WORK TO COMPLETE
Nothing but the lines from the top of the data to the line holding "Turuncu Regular Fit" should be printed, word for word and both ends included; leave the pictures out.

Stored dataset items
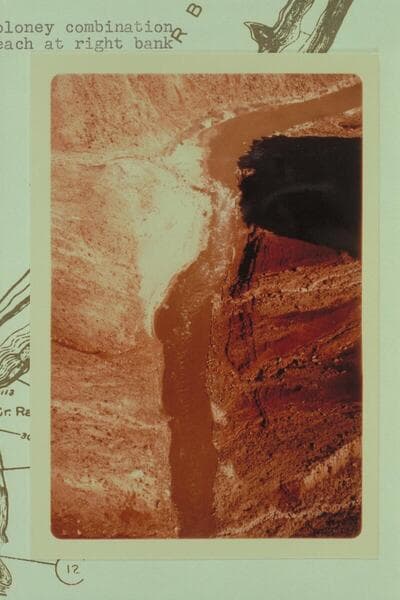 Georgie White's tribe on her boloneys plopping through Soap Creek Rapid. Ballard Atherton photographs the act from the left
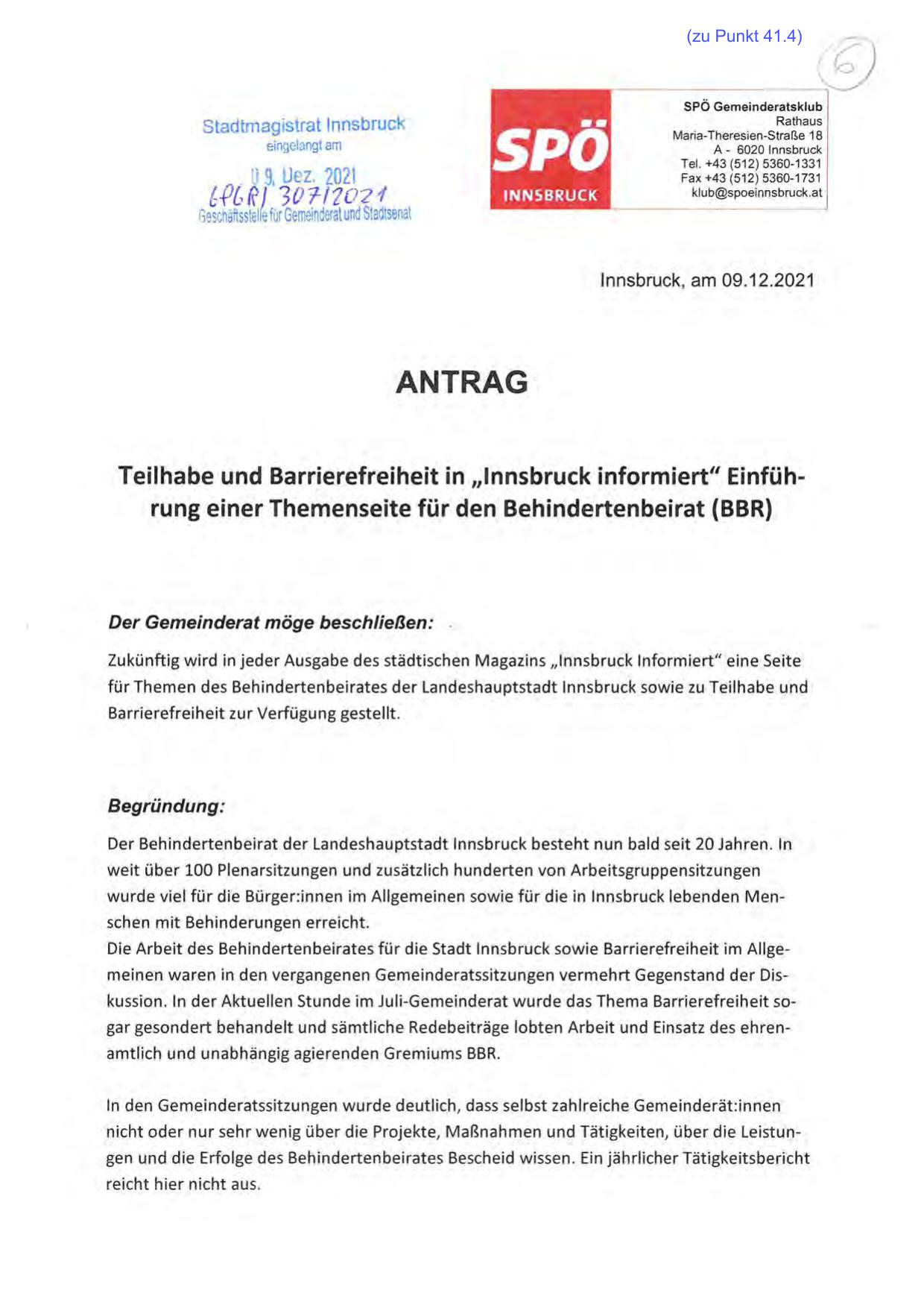 Teilhabe und Barrierefreiheit in „Innsbruck informiert" Einführung einer Themenseite für den Behindertenbeirat (BBR)
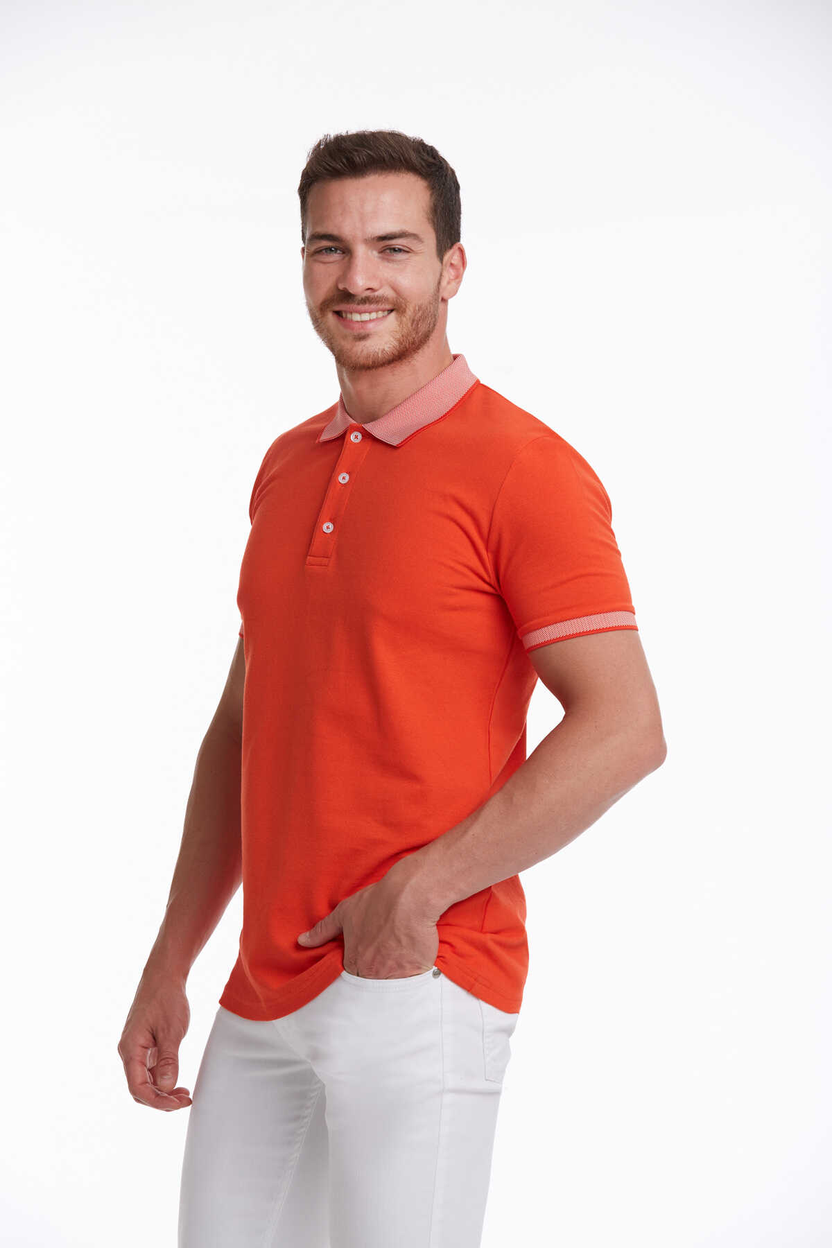 Turuncu Regular Fit 100% Pamuklu Polo Yaka Tişört - 10
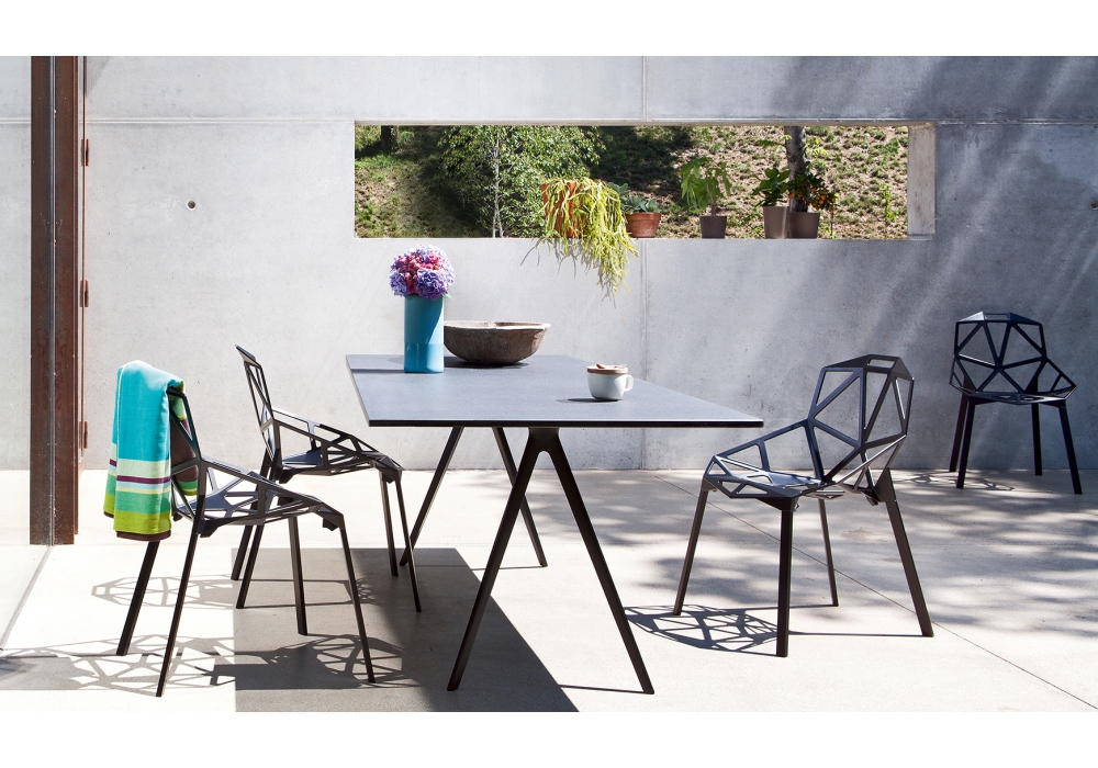 Chair_One von Konstantin Grcic für Magis entworfen, ist ein stapelbarer Stuhl, der auch für den Außenbereich geeignet ist. Beine aus lackierten Aluminiumprofilen und Sitz aus Aluminiumdruckguss mit fluorierter Titanbehandlung und Polyesterlackierung. Auf Anfrage ist es möglich, das Sitzkissen hinzuzufügen.
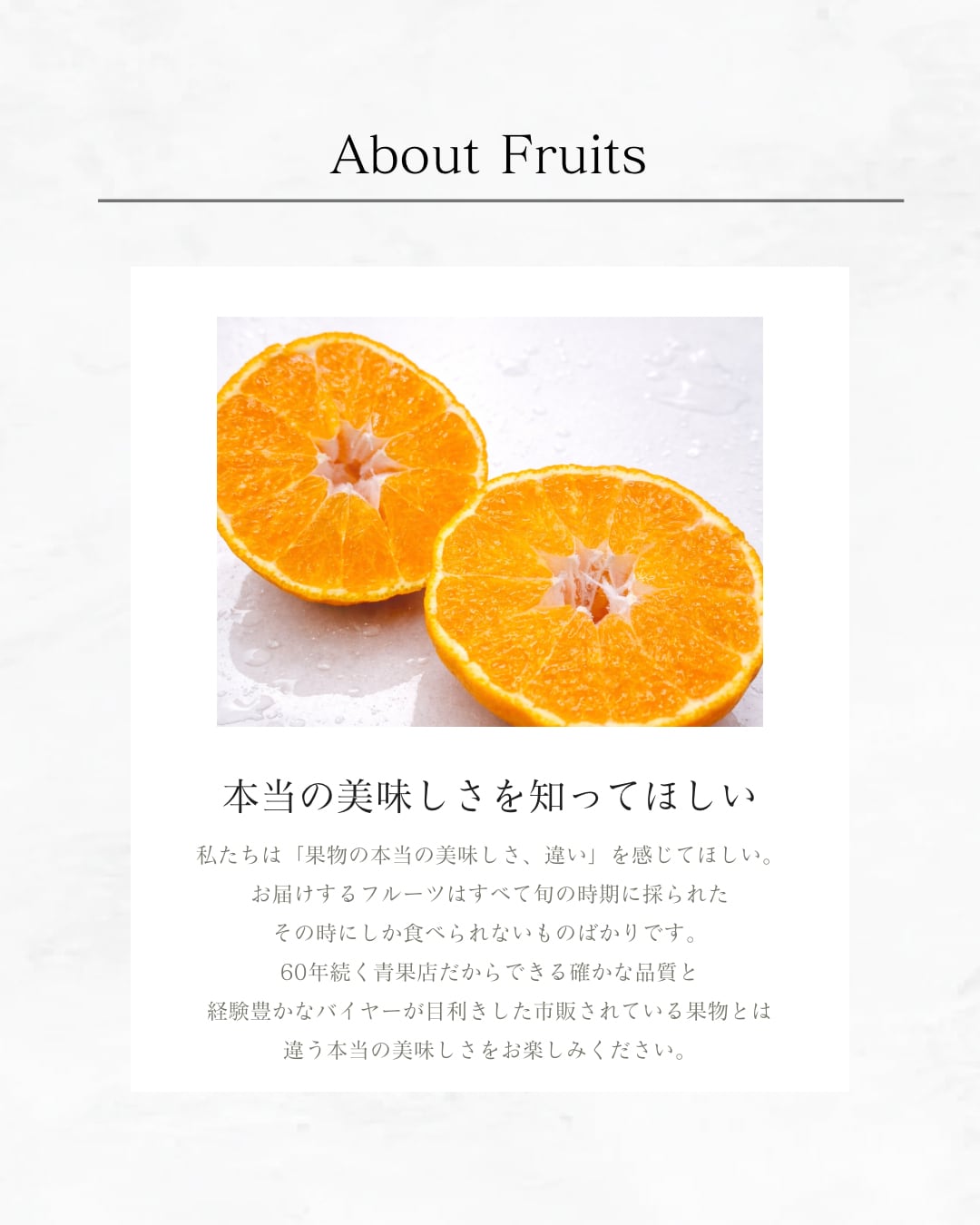 • 旬のフルーツ: 甘みと鮮度にこだわった、厳選みかんの詰め合わせ。
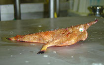 Cuerpo como un disco aplanado; hocico puntiagudo, con un cuerno romo de hueso grande proyectándose bien hacia adelante antes de los ojos; ojos en los costados de la cabeza; aberturas branquiales altas, por encima de la base de la aleta pectoral; aletas pectorales y pélvicas como extremidades; aleta dorsal, cubierta con piel en la cola, aleta anal pequeña y carnosa por debajo de la cola.
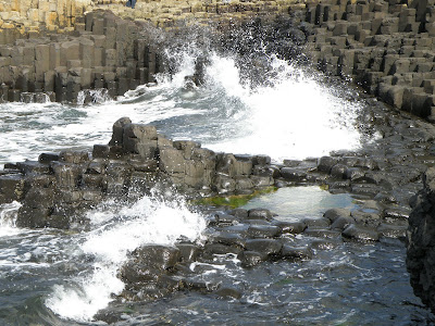 The Giant's Causeway is an area of about 40,000 interlocking 5/6 sided basalt columns, the result of an ancient volcanic eruption. It was declared a World Heritage Site by UNESCO in 1986. It's a half mile steep hike down a road to the seaside area, and over a rise to the awe-inspiring sight. You can choose to wait and take the bus known as the "Causeway Coaster", we chose to walk.
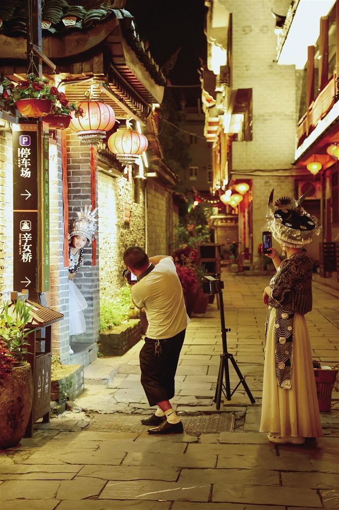 光是觀看還不夠過癮,古城里十幾家旅拍店夜晚生意更火爆。游客穿上精致的漢服、華麗的苗族服飾或影視劇同款戲服,在古韻悠長的街巷里留下倩影,既留下珍貴紀念,也成為古城里的風景。
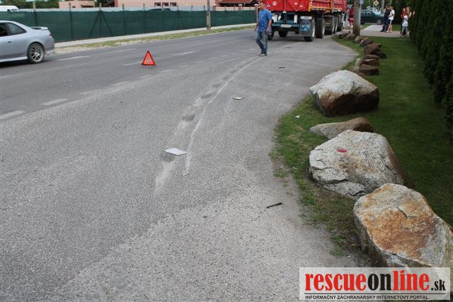 KRPZ Trnava |MM| Polícia vyšetruje dopravnú nehodu medzi nákladným autom a motocyklom, ktorá sa stala v pondelok (10.6.) asi o 17.00 h. Obaja účastníci dopravnej nehody boli na čerpacej stanici v obci Čierny Brod. Vodič Tatry vychádzal smerom na Mostovú, pričom vodič motocykla predchádzal nákladné auto z pravej strany. Narazil pri tom do predného kolesa nákladného auta, vzápätí spadol z motorky, ktorú nákladné auto tlačilo niekoľko metrov pred sebou. 24 ročný motorkár z Čiernej Vody utrpel pri nehode vážnejšie zranenia. Presné príčiny a okolnosti nehody polícia vyšetruje.

ANSWER BOX
 Georgie White's tribe on her boloneys plopping through Soap Creek Rapid. Ballard Atherton photographs the act from the left
 Teilhabe und Barrierefreiheit in „Innsbruck informiert" Einführung einer Themenseite für den Behindertenbeirat (BBR)
 Turuncu Regular Fit 100% Pamuklu Polo Yaka Tişört - 10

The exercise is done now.